Omaze
- Formation: September 2012
- Founder: Ryan Cummins; Matthew Pohlson;
- Headquarters: London, England
- Key people: Matthew Pohlson (CEO);
- Website: omaze.com

= Omaze =

Online fundraising platform

Omaze is a for-profit entertainment company that partners with charities in fundraising events. To enter the draw for the prizes, customers purchase an entry or subscribe, with a percentage of sales going to charity. Businessmen Matthew Pohlson and Ryan Cummins established the organisation in the US in 2012. It initially specialised in celebrity-experience draws, before switching focus to UK house draws in 2020. Omaze has raised more than $300 million for charities as of August 2026.

== History ==

Pohlson and Cummins met at Stanford University in the late 1990s. In July of 2012, they launched Omaze, which offered the chance to win experiences through sweepstakes, while also raising money for charities.

In 2018, co-founder Ryan Cummins left the company, while Pohlson remained as CEO.

In 2020, Omaze introduced the Million Pound House Draw in the UK, offering the chance to win luxury homes while supporting charitable causes. By 2023, Omaze had fully transitioned to the house draw model and relocated its headquarters from Los Angeles to London. The company paused operations in the U.S. but continued its efforts in the UK, and as of 2025, in Germany as well.

Each account on Omaze UK is limited to £500 of entries per calendar month. In the United Kingdom, Omaze currently gives 17% of total sales to the charity partner, with a guaranteed minimum of £1 million. In Germany, the company guarantees charities a minimum of €500k. Select homes have been raffled off in Dorfen, Flensburg Fjord, and the Mecklenburg Lake District.

== Business model and house draws ==
Omaze's previous US model started as a privately owned, for-profit company that had two models to raise funds for charities. Sweepstake entries for a celebrity experience see 60% of the money donated to charity, 25% towards fees and Omaze's costs for advertising and creating content for the event, and 15% to Omaze as profit.

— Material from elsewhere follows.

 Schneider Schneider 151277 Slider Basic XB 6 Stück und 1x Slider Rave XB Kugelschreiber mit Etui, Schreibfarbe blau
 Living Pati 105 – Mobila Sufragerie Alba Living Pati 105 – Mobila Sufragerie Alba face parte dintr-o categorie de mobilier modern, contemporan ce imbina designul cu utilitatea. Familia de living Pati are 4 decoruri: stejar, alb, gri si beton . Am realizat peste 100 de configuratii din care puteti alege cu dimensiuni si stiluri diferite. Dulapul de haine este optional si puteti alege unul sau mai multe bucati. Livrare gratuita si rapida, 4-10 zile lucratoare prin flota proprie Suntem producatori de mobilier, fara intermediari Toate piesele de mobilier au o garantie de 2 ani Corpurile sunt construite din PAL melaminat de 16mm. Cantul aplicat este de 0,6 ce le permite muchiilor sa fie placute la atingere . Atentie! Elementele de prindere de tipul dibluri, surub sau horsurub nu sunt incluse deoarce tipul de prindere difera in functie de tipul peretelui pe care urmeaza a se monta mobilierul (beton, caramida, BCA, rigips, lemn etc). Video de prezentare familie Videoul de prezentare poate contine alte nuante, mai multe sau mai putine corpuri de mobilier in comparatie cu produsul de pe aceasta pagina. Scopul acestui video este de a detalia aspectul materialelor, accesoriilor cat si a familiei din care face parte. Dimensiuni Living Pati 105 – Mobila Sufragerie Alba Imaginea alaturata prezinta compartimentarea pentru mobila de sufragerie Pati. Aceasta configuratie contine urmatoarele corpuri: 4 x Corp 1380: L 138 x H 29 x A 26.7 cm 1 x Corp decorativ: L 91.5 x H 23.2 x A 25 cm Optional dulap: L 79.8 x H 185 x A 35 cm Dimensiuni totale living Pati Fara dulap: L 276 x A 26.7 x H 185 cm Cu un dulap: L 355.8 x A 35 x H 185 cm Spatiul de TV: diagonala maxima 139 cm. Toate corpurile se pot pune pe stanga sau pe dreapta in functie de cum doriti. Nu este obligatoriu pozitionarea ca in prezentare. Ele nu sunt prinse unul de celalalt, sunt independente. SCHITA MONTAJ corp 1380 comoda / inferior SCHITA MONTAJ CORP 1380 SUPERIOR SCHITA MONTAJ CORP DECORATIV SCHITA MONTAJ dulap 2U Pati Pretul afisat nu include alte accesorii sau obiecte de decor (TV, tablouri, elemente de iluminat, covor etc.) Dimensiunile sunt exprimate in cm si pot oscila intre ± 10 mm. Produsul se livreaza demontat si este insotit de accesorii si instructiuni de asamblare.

Since 2020, Omaze has operated a fundraising model that combines charities with the chance to win prizes and luxury homes. For each draw, Omaze partners with a charity. A fixed percentage covers the cost of the draw and prize, with the remaining portion paid to the charity partner. As of May 2025, Omaze has held draws for 37 homes.

The inaugural draw featured a £1 million property in Cheshire and raised £250,000 for the Teenage Cancer Trust. As of 2025, Omaze has awarded 40 homes valued at over £1 million. The average value is currently £2.9 million.

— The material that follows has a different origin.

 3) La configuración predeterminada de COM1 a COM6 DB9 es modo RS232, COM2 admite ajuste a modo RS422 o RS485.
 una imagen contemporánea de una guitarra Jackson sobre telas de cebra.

In May 2026, Omaze gave away a home worth more than £5,000,000 overlooking Lake Windermere. As of August 2026, Omaze has given away more than £250 million worth of prizes in the UK since launch.

== Contests ==
Omaze offers prize draws in which entrants are encouraged to contribute financially to a charitable cause, with the amount given determining the number of sweepstake entries that the person receives.

Sweepstakes systems such as Omaze include a no-purchase-necessary clause to comply with fundraising and gaming regulations. In the United Kingdom, participants may submit a postal entry with no fee.

In January 2023, Omaze paused operations in the United States. Due to the move, on 9 December 2022, Omaze laid off 103 employees.